I dosed up yesterday on the sudafed, I guess it made my head stop hurting, but my nose kept running like crazy and I got a caffiene high off of it. I can only take one every 12 hours, so of course it wears off in the evening and I can't take another one or I'll be up all night. They did give me benadryl to help me sleep so I tried that last night and boy did that NOT work. I still couldn't fall asleep and my nose ran almost all night. Bill tried to come to bed but claimed I was "snoring like a 50 year old man" so he went and slept in another room. How he knows what a 50 year old man's snoring sounds like is beyond me, should I be worried? Besides...I've been dealing with his snoring for a VERY long time and trust me, it ain't no picnic either.

So I still feel like poop, really unhappy sniffly achy freezing cold or burning hot poop...depending on the hour. But I am almost done with classes which is good news. I finished my thesis paper tonight for my english class...good thing since it's due tomorrow. Then I'm done with class for the week and headed to G'ville to hang out with my parents...who are also sick. I'm sure I caught it from them. Haha!

Next doctors visit is THIS Friday for my offical ultrasound! I'll update with how that experience was soon.

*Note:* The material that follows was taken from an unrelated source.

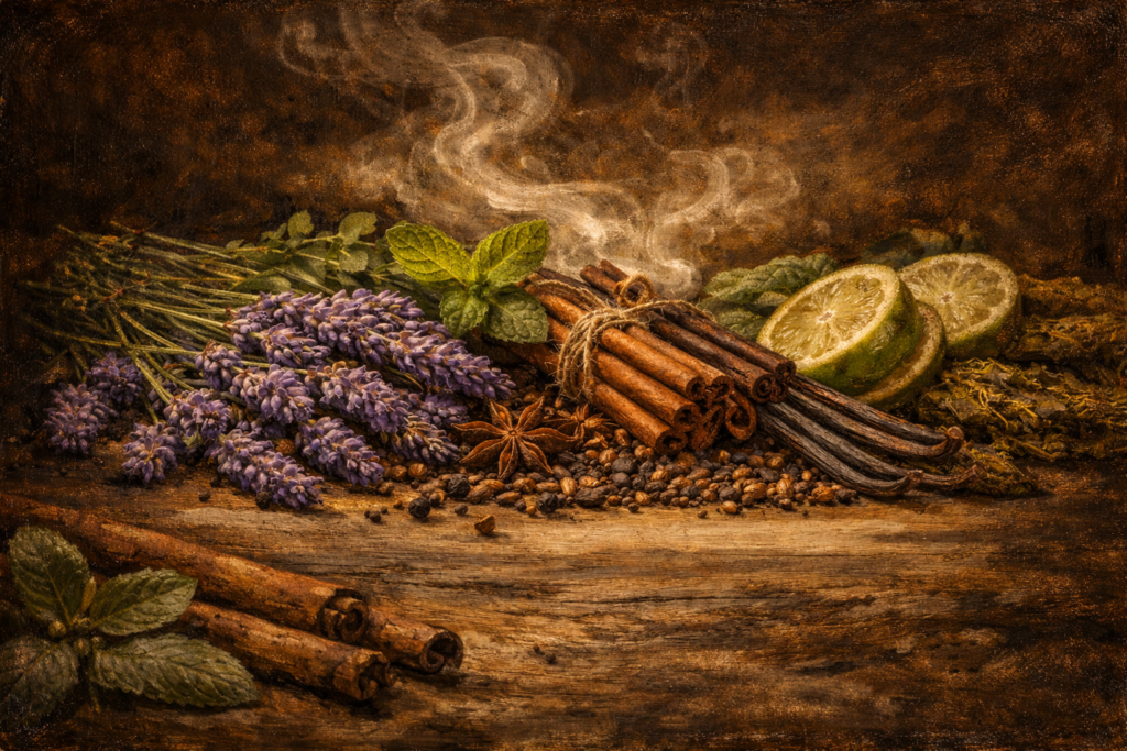 Vanilla · Lavender · Fresh Spices · Cinnamon · Green Notes · Earthy Woods

Wednesday, November 18, 2009

Shopping Therapy vs Beerapy


I woke up today with the fear that it was going to be a really bad day. I'd had a rough night arguing with the ex over Thanksgiving which should be my holiday. Of course he refuses to agree which means court...in Gainesville...10 hour drive about for those that don't know. So I woke up grouchy and feeling that panicky feeling that nothing was ever going to be right with the world. I've been SUPER happy lately. Maybe it's just pregnancy hormones but I've been in a state of euphoria and I had no desire to lose that feeling. I'm a smart enough person to try and see this rationally and talk myself out of getting stressed over things I can't fix right now, but I still felt it creeping in. First I had to drive to Pensacola to get forms notarized, faxed, make copies, mail copies, blah blah blah. I needed destressifying and fast!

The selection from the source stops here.